-------- INPUT
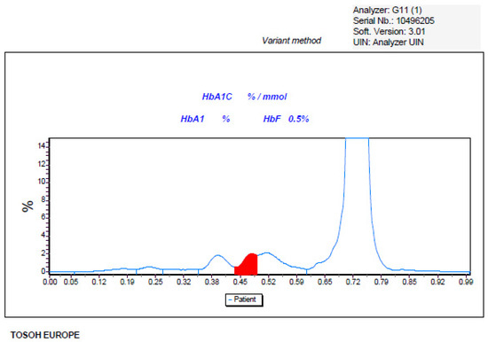 Since the different separation methods available on the market for the evaluation of haemoglobin levels (HPLC vs. electrophoresis) allow for the identification of most of the variants with some differences due to the different chemical–physical principles used, we decided to send our sample to a hospital that employed the capillary electrophoresis method (Capillarys, Sebia, France). The laboratory reported an HbA1c measurement within reference intervals (33 mmol/mol reference, range 20–42 mmol/mol) without indicating the presence of a hypothetical variant (chromatogram not available).
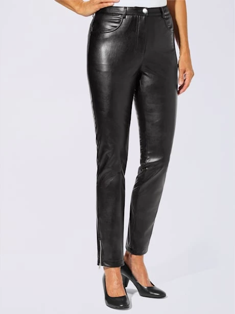 Très facile à assortir : Pantalon en matière synthétique tendance, doux, agréable et facile à entretenir. Ceinture à passants, glissière et bouton devant. 2 poches devant et 2 poches plaquées arrière. Superbes glissières pratiques au bas des jambes. Largeur pieds env. 30 cm.
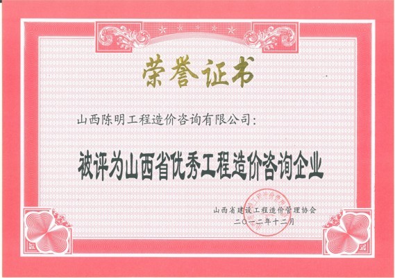 優(yōu)秀工程造價(jià)咨詢企業(yè)
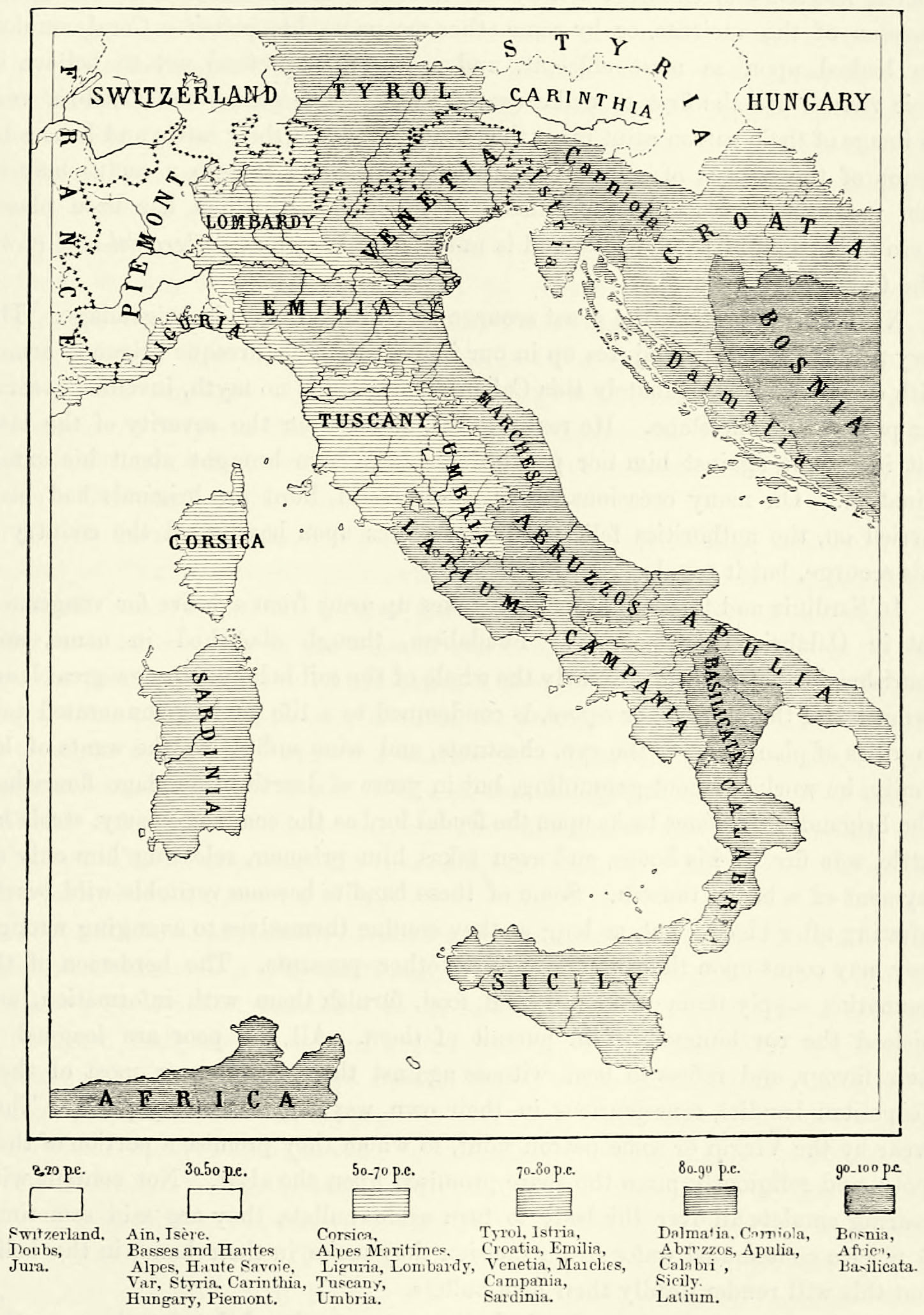 The so-called “balance of European powers,” founded as it is upon the rights of war and ambitious rivalries between nations, is necessarily unstable. Nations eminently fit to lead a common political existence are torn asunder on the one side, whilst the most heterogeneous elements are thrown together on the other. In these political arrangements the nations themselves are never consulted, but their wishes and inclinations must nevertheless prevail in the end, and the artificial edifice raised by warriors and statesmen will come to the ground. A true “balance of power” will only be established when every nation of the continent shall have become the arbiter of its own destinies, when every pretended right of conquest shall have been surrendered, and neighbouring nations shall be at liberty to combine for the management of the affairs they have in common. Our arbitrary political divisions, therefore, possess but a transitory value. They cannot altogether be ignored; but in the following descriptions we shall, as far as possible, adhere to the great natural divisions as defined by mountains and valleys, and by the distribution of nations having the same origin and speaking the same language. But even these natural boundaries lose their importance in countries like Switzerland, inhabited by nations speaking different languages, but held together by the strongest of all ties—the common enjoyment of freedom.
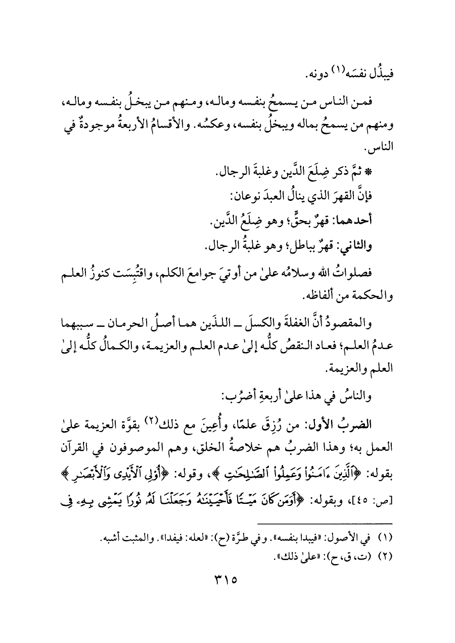 فمن الناس من يسمحُ بنفسه وماله، ومنهم من يبخلُ بنفسه وماله، ومنهم من يسمحُ بماله ويبخلُ بنفسه، وعكسُه. والأقسامُ الأربعةُ موجودةٌ في الناس.
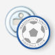 Ihr Football Club Name auf einem Flaschenöffner. Fußball Club Souvenir oder Geschenk. Blaues Farbthema.
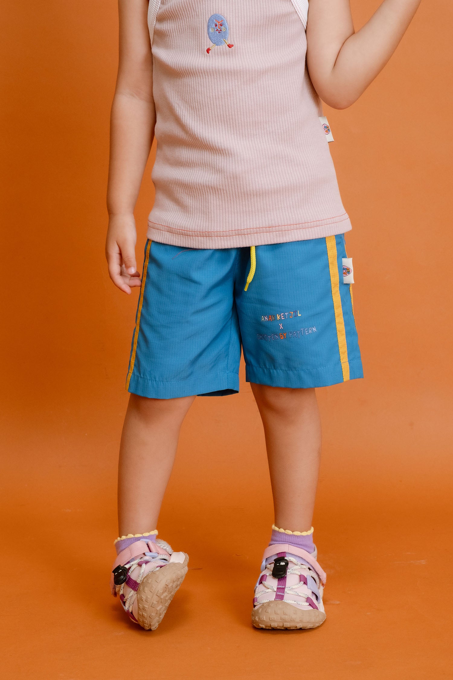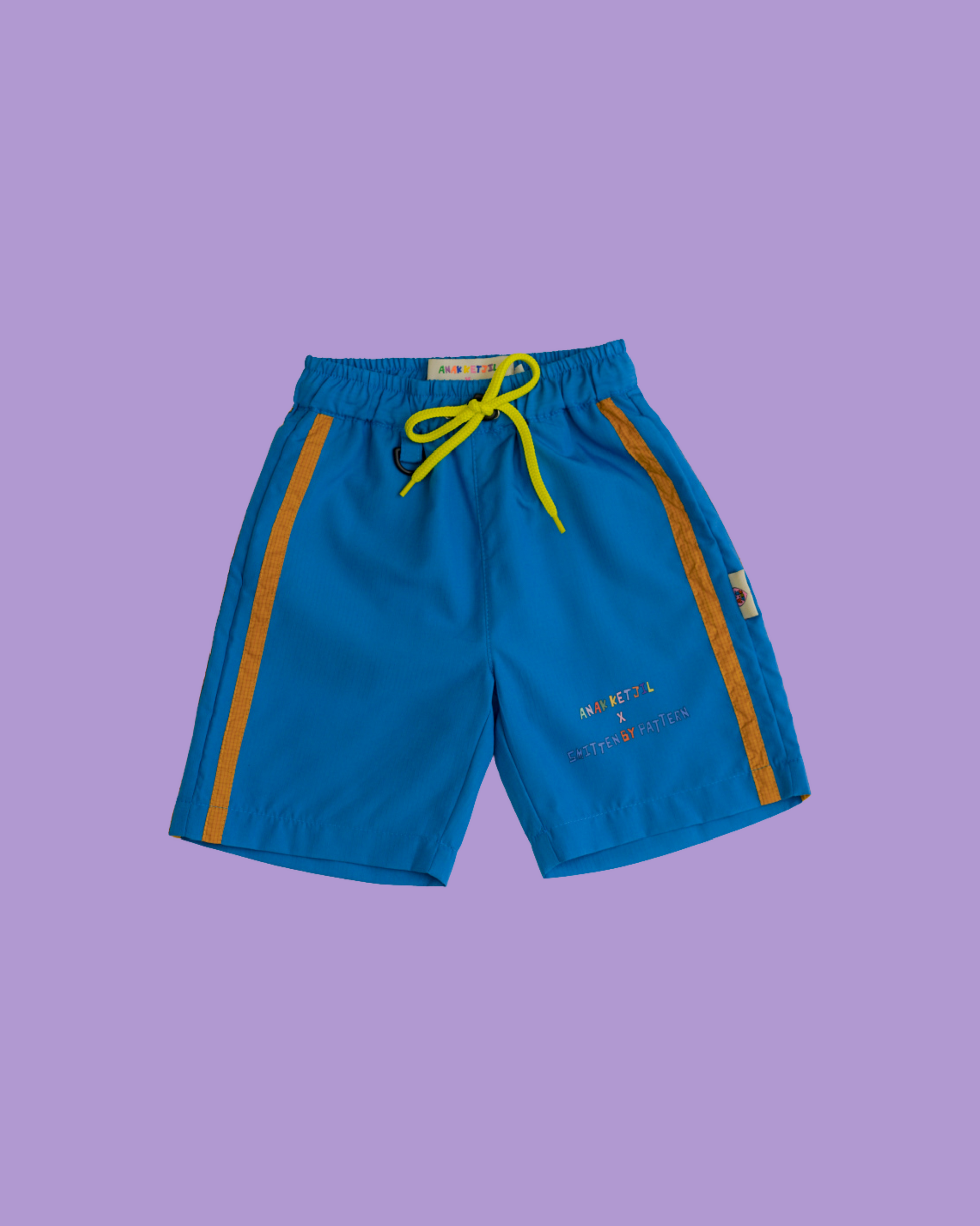 The Play Short is your minis go-to buddy for non-stop fun. Built tough from recycled nylon, it's ready for anything—splash in the pool, dash around the playground, or chill at home. The vibrant blue with cheeky yellow side stripes and matching drawstrings brings instant energy, while the playful graphic print and front logo detail make it unmistakably cool. Elastic waistband, D-ring loop, and comfy fit mean zero fuss, maximum play. Sporty, sustainable, and seriously fun.
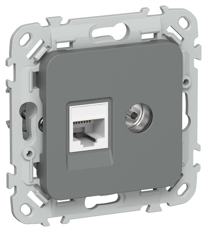 FLITE Розетка 2-местная RJ45/TV категория 5Е UTP РКТВ5е-2-0-ФлМА мокрый асфальт IEK
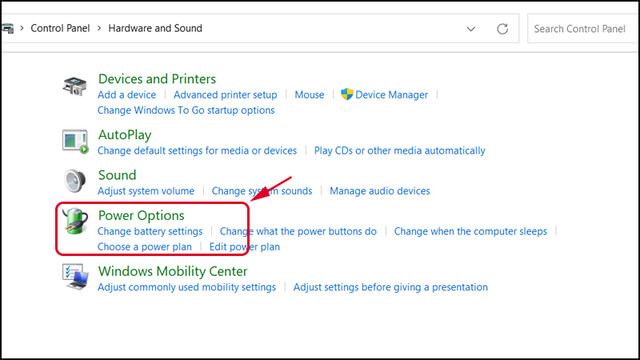 Bước 1:Nhấp vào Start → Chọn Control Panel → Hardware and Sound → Chọn tiếp vào Power Options.
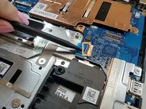 Снимите кабель материнской платы, подняв чёрную планку и аккуратно вынув синюю гибкую шлейф‑ленту.
----------------
Your copy should hold exactly the lines from the line bearing "Bước 1:Nhấp vào" through the end of the data, both included, and no pictures or anything further.

 Bước 1:Nhấp vào Start → Chọn Control Panel → Hardware and Sound → Chọn tiếp vào Power Options.
 Снимите кабель материнской платы, подняв чёрную планку и аккуратно вынув синюю гибкую шлейф‑ленту.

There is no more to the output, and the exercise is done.